## WHAT IS BEING ASKED
Write out the data below exactly, beginning with the first line and ending once the line that has "axes femme /" is written.

## ENTRIES SHOWN
┌──

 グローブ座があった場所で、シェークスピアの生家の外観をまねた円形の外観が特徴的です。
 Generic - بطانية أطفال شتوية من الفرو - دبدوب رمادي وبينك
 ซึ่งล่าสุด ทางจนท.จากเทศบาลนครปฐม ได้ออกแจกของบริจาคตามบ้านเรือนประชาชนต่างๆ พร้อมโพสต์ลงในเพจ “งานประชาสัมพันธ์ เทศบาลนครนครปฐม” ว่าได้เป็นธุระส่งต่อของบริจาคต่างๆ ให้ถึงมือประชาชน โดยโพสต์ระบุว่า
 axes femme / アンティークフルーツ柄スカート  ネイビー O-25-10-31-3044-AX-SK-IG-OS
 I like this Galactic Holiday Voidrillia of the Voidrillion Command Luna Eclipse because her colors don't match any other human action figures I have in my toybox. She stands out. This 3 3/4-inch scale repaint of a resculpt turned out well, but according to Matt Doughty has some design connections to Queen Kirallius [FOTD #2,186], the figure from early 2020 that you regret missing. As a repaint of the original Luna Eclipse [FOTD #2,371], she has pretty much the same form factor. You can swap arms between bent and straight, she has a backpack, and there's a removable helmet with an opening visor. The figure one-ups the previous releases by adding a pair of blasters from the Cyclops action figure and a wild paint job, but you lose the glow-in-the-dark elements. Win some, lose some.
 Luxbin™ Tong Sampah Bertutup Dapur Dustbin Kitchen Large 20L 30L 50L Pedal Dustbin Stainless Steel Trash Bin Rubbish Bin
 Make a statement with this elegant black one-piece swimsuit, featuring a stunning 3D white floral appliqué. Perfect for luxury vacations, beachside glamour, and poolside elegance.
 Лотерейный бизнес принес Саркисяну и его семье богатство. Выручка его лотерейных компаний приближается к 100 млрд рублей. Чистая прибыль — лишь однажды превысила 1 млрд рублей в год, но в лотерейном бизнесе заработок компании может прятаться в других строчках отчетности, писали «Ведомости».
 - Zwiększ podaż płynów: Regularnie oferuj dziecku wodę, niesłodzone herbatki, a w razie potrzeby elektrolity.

└──

## SOLUTION FOR THIS EXERCISE
 グローブ座があった場所で、シェークスピアの生家の外観をまねた円形の外観が特徴的です。
 Generic - بطانية أطفال شتوية من الفرو - دبدوب رمادي وبينك
 ซึ่งล่าสุด ทางจนท.จากเทศบาลนครปฐม ได้ออกแจกของบริจาคตามบ้านเรือนประชาชนต่างๆ พร้อมโพสต์ลงในเพจ “งานประชาสัมพันธ์ เทศบาลนครนครปฐม” ว่าได้เป็นธุระส่งต่อของบริจาคต่างๆ ให้ถึงมือประชาชน โดยโพสต์ระบุว่า
 axes femme / アンティークフルーツ柄スカート  ネイビー O-25-10-31-3044-AX-SK-IG-OS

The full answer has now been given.